Almost everything we have here came from somewhere else,
From the first arrival of people from Europe to today, almost all we have today started then, be it good and bad. Like it or not, everybody, including all Maori, have benefited directly or indirectly
from those beginnings.
Many Maori realise this and have made capital.
On the other hand, those of them who want to take a leap back in time want to take averything with them.
Not sustainable.

quattrohl said...

In these querulous times of speaking out about the development of New Zealand and issues of colonialism, I wonder what New Zealand would have been like today if it had not been "colonised" by the British?

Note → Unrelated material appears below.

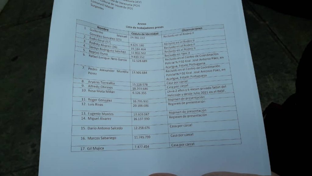 Un día después, el viernes 10 de diciembre, dirigentes gremiales, sociales y políticos se reunieron en Parque Carabobo para exigir al gobierno una Navidad sin trabajadores presos. Esta coalición calcula que hay 149 trabajadores judicializados; algunos están presos en cárceles, otros están presos en sus casas. Eduardo Sánchez, presidente del Sindicato de Trabajadores de la UCV, pide indulto o amnistía.

What would New Zealand be like if it had been "colonised" by the French or the Spanish, the Portugese, the Dutch or the Belgians. These nations all had, over time, ambitions to explore and subjugate truly indigenous populations. There would probably not have been any form of treaty providing sovereignty and protection (remember the French were already in Akaroa) for the other resident occupiers, the Maori.
None of the other countries mentioned have covered themselves in glory over the centuries so why would New Zealand have been treated any differently by them.
Fred Dagg's song - "We don't how lucky we are" should be re-released for all sections of New Zealand Society to reflect on and get on with life.